KM-201b · Module 3
Automated Capture Pipelines: What Can Be Captured Without Human Effort
4 min read
The goal of automated capture is to reduce the per-artifact cost of knowledge creation to near zero for the categories of knowledge that can be reliably extracted from existing work products. Not all knowledge can be automated — tacit expertise requires human extraction. But a significant category of organizational knowledge is already being generated in structured or semi-structured form: meeting decisions, action items, support ticket resolutions, code comments, design document summaries, project retrospectives. This knowledge is being generated and immediately discarded. Automated pipelines capture it at generation time.
The architecture of an automated capture pipeline has four components: the trigger, the extractor, the formatter, and the router. The trigger fires when a qualifying work product is created — a meeting ends and a transcript becomes available, a support ticket is closed, a pull request is merged, a project milestone is marked complete. The extractor processes the work product to identify knowledge content. The formatter converts the extracted content into the knowledge schema required for the target category. The router sends the formatted artifact to the correct location in the knowledge base for review or direct publication.
- Meeting Intelligence Automation Trigger: meeting ends. Extractor: AI processes transcript for decisions, action items, knowledge shared. Formatter: decision records for decisions, task records for action items, how-to drafts for procedural knowledge discussed. Router: decisions to decision log, tasks to project management tool, how-to drafts to domain owner for review. Estimated per-meeting capture value in a 100-person organization: 2–5 knowledge artifacts per day at zero human authoring cost.
- Support Ticket Automation Trigger: ticket closed with resolution. Extractor: AI identifies resolution type (bug, user error, configuration, missing documentation), extracts resolution steps, and checks whether a knowledge base article addresses the same issue. Formatter: FAQ update if a similar article exists (add this case as an example), new how-to article if no similar article exists. Router: to domain owner for review. Tickets that required escalation are flagged for expert review. Value: converts support load into knowledge base improvements continuously.
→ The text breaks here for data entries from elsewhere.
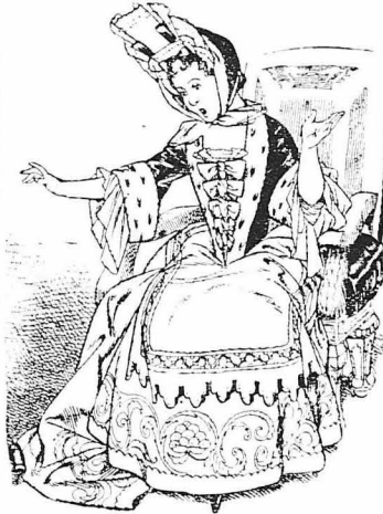
— Ἐ, ναι λοιπόν, ἀγαπᾷ, ἀγαπᾷ πραγματικά αὐτὴ τὴ φορὰ!... εἶπε ἡ Ἀλίκη.
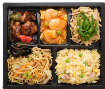
〈赤坂飯店〉 ハーフ&ハーフ弁当 940 円 おかずもごはんも選べる中華弁当。
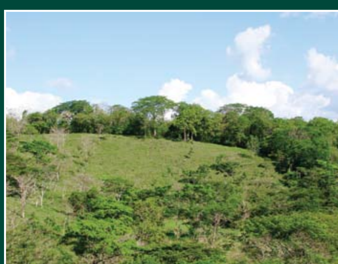
Parches de bosque
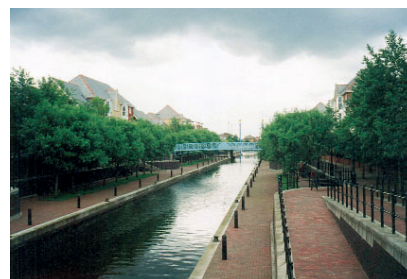
Obr.10: Z původních doků zůstala jen půdorysná stopa a některé prvky - nábrežní kameny, polery. Zasvěcení tvrdí, že původní je jen ta voda.

Výstavba v této lokalitě by se dala rozdělit do tří skupin. První skupinou jsou realizace podle původního záměru. Jedná se o levně vypadající dvou, až třípodlažní
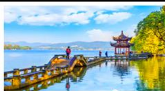
ทะเลสาบซึกุ
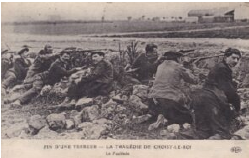
Gewapende mannen bij de belegering
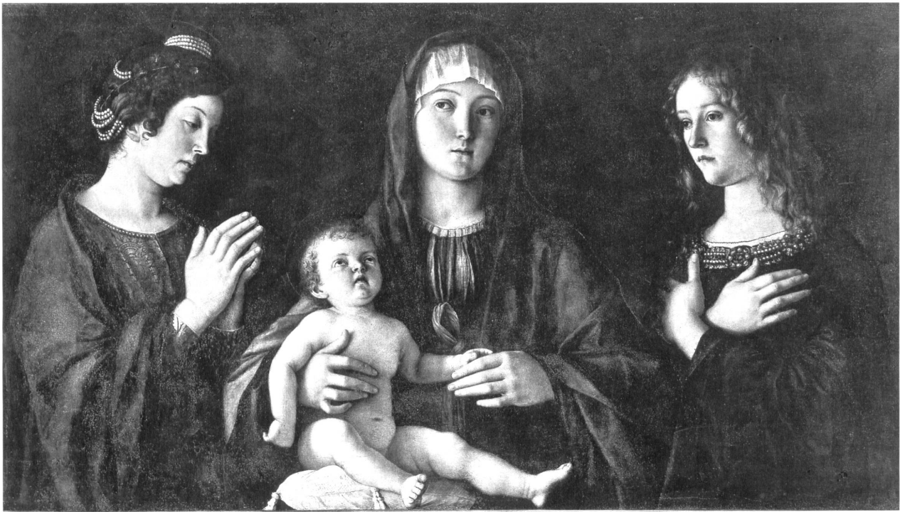
Abb. 4: Giovanni Bellini, „Madonna mit Kind zwischen zwei weiblichen Heiligen“, 1490–95, Öl auf Holz, 58 x 107 cm, Venedig, Galleria dell'Accademia.
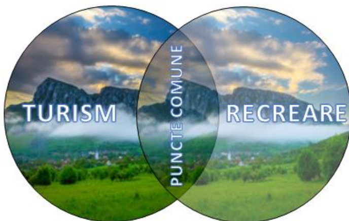
Fig. 1.2. Relația turism – recreere

De asemenea, identificarea turismului cu recreere nu este corectă, între ele există o importantă zonă de intersecție, respectiv, recreerea se realizează în cea mai mare parte prin turism, iar turismul în marea lui majoritate, înseamnă recreere (Fig. 1.2).
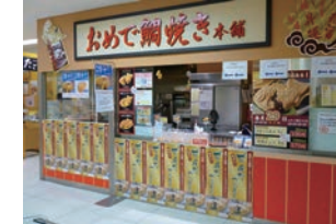
52号店 2009年3月 おめで鯛焼き本舗 高崎スズラン店 株式会社アーミップ
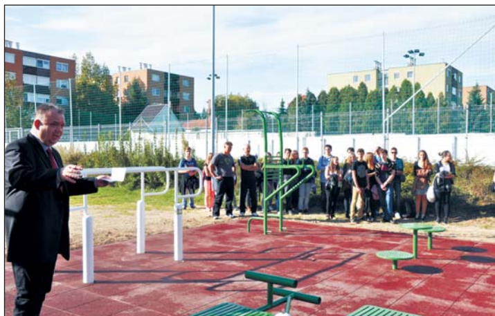
Papp Gábor polgármester adta át az edzőpályát, ahol mindjárt bemutatót is tartottak.

Szabadtéri edzőpályát adott át minap Hévízen Papp Gábor polgármester.
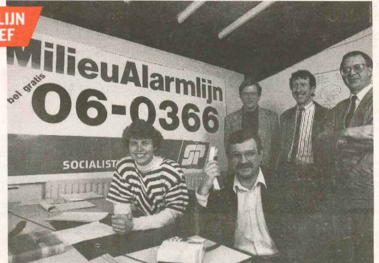
● Het MilieuAlarmteam van de SP: professioneel en deskundig

De MilieuAlarmlijn van de SP geeft een unieke kans aan iedereen die dingen ziet die het milieu niet kan verdragen, alarm te slaan: op het gratis nummer 06-0366. Met een professioneel MilieuAlarmteam en honderden enthousiaste vrijwilligers kan alert en doeltreffend op die milieumeldingen gereageerd worden.
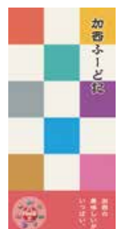
加西ふーど記のガイド本
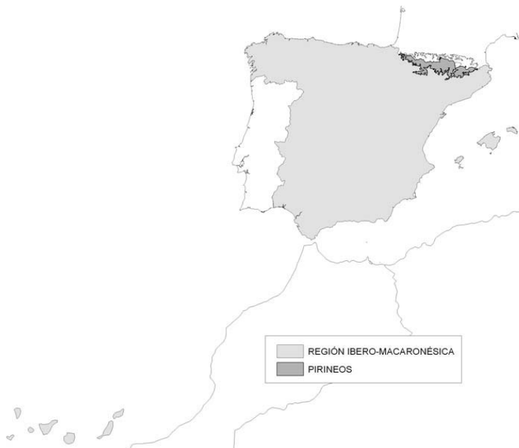
Figura 1. Regiones ecológicas de ríos y lagos

La región de los Pirineos queda delimitada por la zona pirenaica situada por encima de 1.000 m de altitud y comprende parte de la cuenca del Ebro y de las Cuencas Internas de Cataluña, según se detalla en la figura 2.
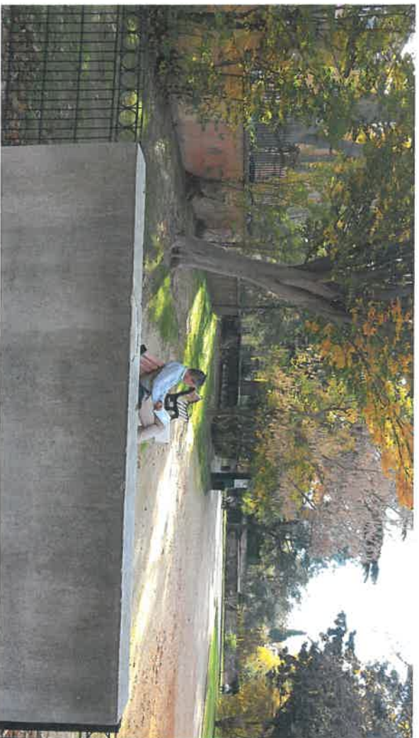
E T A T A C T U E L L
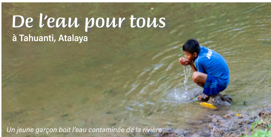
Un jeune garçon boit l'eau contaminée de la rivière

La communauté autochtone de Tahuanti sur le fleuve Ucayali compte 66 familles (335 habitants) de l'ethnie Asháninka. Le village n'a ni électricité, ni eau potable. Les mères de famille puisent leur eau dans la quebrada. Cette eau est très contaminée par les feuilles qui pourrissent et tous les déchets incluant des animaux morts jetés par les communautés en amont.
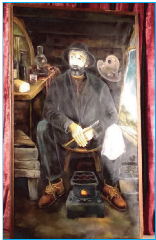
მათ ეს ძალიან ნაადგებათ ცხოვრებაში, პიროვნებად ჩამოყალიბებაში. ამაზე სასარგებლო საქმეს ვერ გაუკეთებთ თქვენს შვილებს. ამას საკუთარი გამოცდილებიდან გორჩეთ, დამიჯერეთ!

არ შემიძლია, არ გამოვხატო ჩემი გულისტკივილი იმის გამო, რომ ამ მშვენიერ და საინტერესო საღამოს ძალიან ცოტა მაყურებელი ესწრებოდა. მშობლებო, ჩაკიდეთ ხელი თქვენი შვილებს და ატარეთ ისინი ასეთ კულტურულ ლონისძიებებზე.
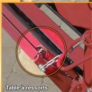
Table à ressorts
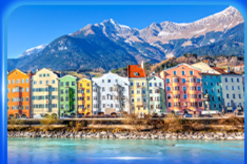
อาคารสีลูกกวาด อินส์บรุค

- Code and Documentation Commits Trigger: significant code commit or documentation update merged. Extractor: AI analyzes commit message and diff for architectural decisions, implementation patterns, and deprecation signals. Formatter: decision record draft if the commit message describes a choice between alternatives, change notification if the commit updates a documented API or process, deprecation notice if the commit removes functionality. Router: to the technical knowledge owner for review.
- Post-Mortem Automation Trigger: post-mortem document created. Extractor: AI processes the post-mortem for contributing factors, detection gaps, response patterns that worked, and prevention actions. Formatter: incident knowledge record in the structured post-mortem schema, plus extraction of any process changes that should update existing runbooks. Router: incident record to the operations knowledge domain, runbook update flags to the relevant runbook owners.
The integration requirements for automated capture pipelines deserve honest assessment before implementation. A meeting intelligence pipeline requires: a meeting platform with transcription (Zoom, Teams, Google Meet all have this), an AI processing step (can be built on any major LLM API), and write access to the knowledge base API. A support ticket pipeline requires: a support platform with API access and a closed-ticket webhook, the same AI processing step, and knowledge base write access. These are not trivial integrations, but they are not exotic either. The tooling is available and mature. The implementation complexity is in the prompt design, the quality gate workflow, and the routing logic — all of which require human design decisions before they can be automated.